→ **What the task requires**: A faithful transcription of all the data, images excluded, is the required answer.

→ **Raw data**:
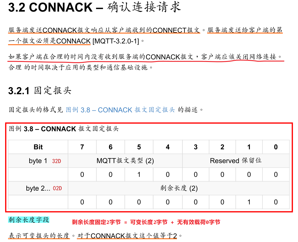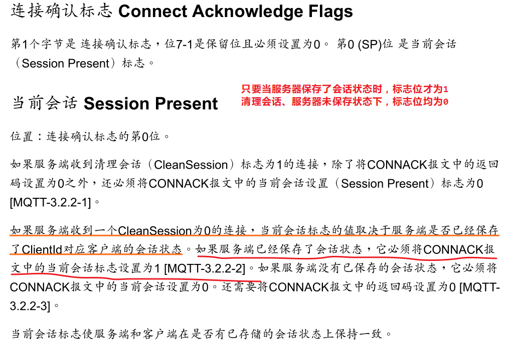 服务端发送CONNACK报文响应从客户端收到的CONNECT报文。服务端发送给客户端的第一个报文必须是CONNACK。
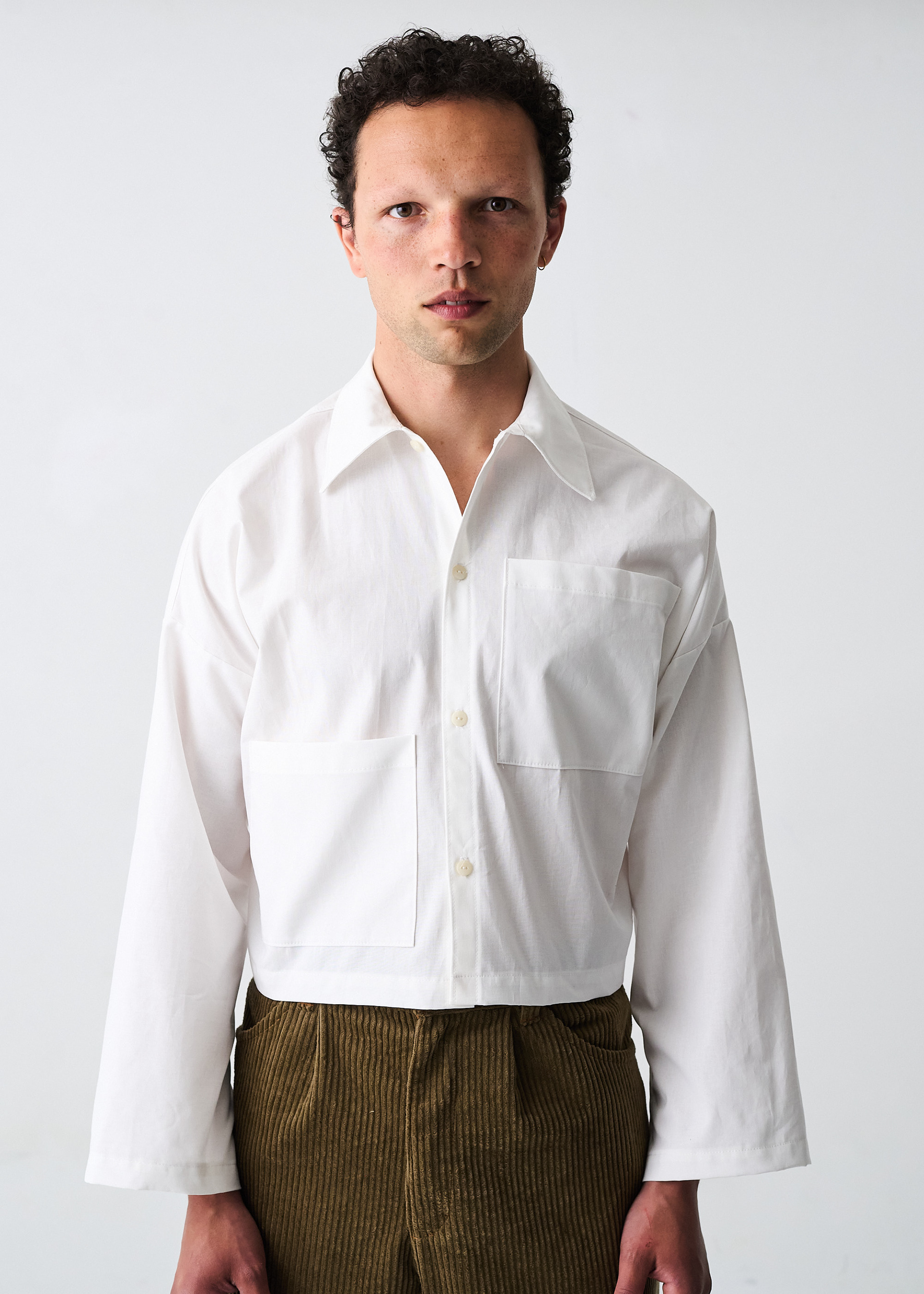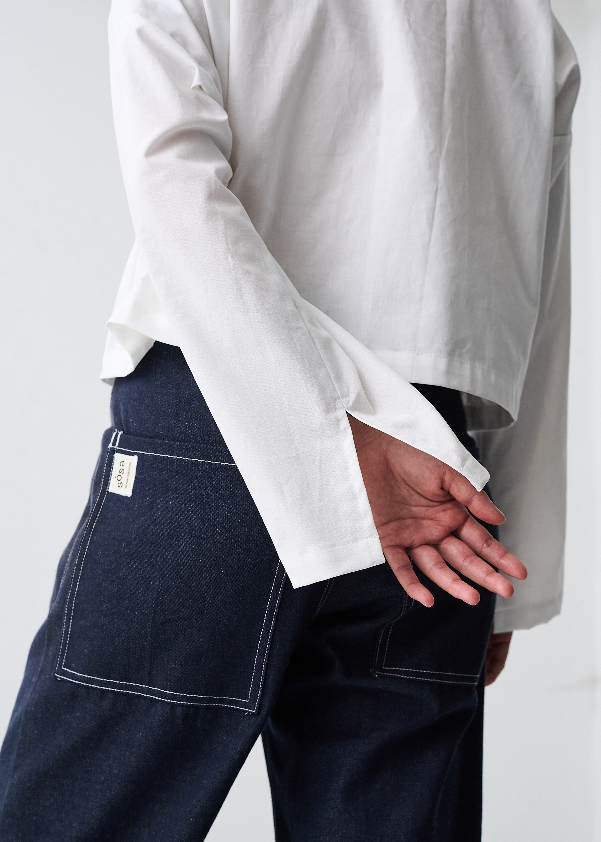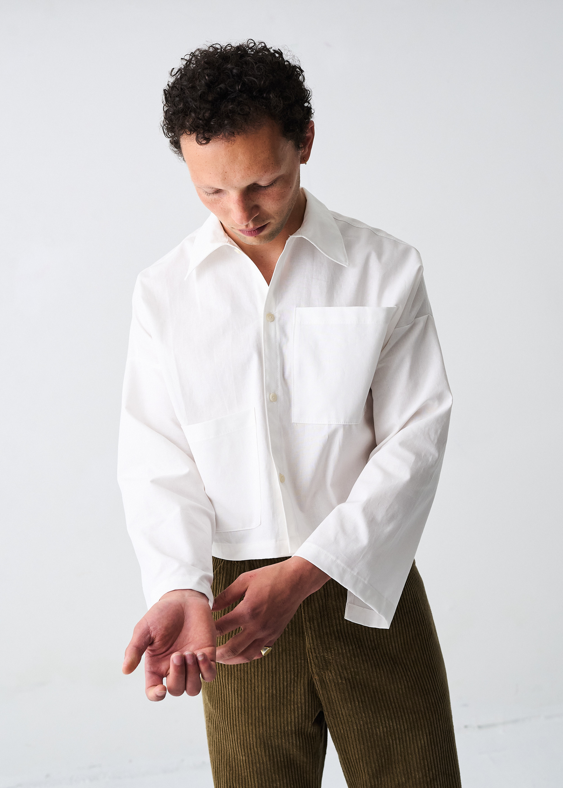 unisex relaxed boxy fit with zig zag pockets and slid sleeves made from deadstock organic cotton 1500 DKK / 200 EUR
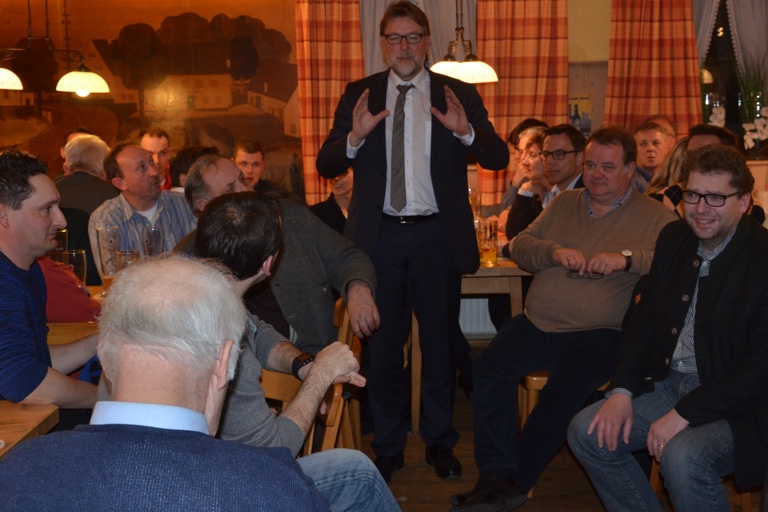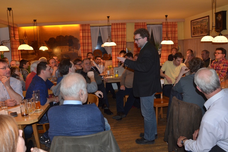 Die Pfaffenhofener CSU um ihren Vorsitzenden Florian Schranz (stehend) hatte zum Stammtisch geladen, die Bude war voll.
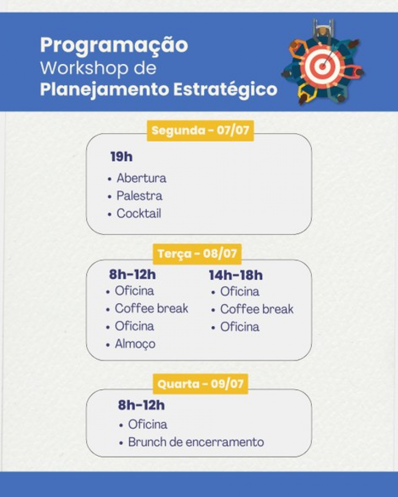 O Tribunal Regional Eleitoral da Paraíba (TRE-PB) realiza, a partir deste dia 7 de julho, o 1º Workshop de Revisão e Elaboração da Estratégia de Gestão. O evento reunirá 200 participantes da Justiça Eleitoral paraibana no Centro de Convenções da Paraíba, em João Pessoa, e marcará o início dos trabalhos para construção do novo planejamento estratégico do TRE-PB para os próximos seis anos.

→ **Task answer**:
 服务端发送CONNACK报文响应从客户端收到的CONNECT报文。服务端发送给客户端的第一个报文必须是CONNACK。
 unisex relaxed boxy fit with zig zag pockets and slid sleeves made from deadstock organic cotton 1500 DKK / 200 EUR
 Die Pfaffenhofener CSU um ihren Vorsitzenden Florian Schranz (stehend) hatte zum Stammtisch geladen, die Bude war voll.
 O Tribunal Regional Eleitoral da Paraíba (TRE-PB) realiza, a partir deste dia 7 de julho, o 1º Workshop de Revisão e Elaboração da Estratégia de Gestão. O evento reunirá 200 participantes da Justiça Eleitoral paraibana no Centro de Convenções da Paraíba, em João Pessoa, e marcará o início dos trabalhos para construção do novo planejamento estratégico do TRE-PB para os próximos seis anos.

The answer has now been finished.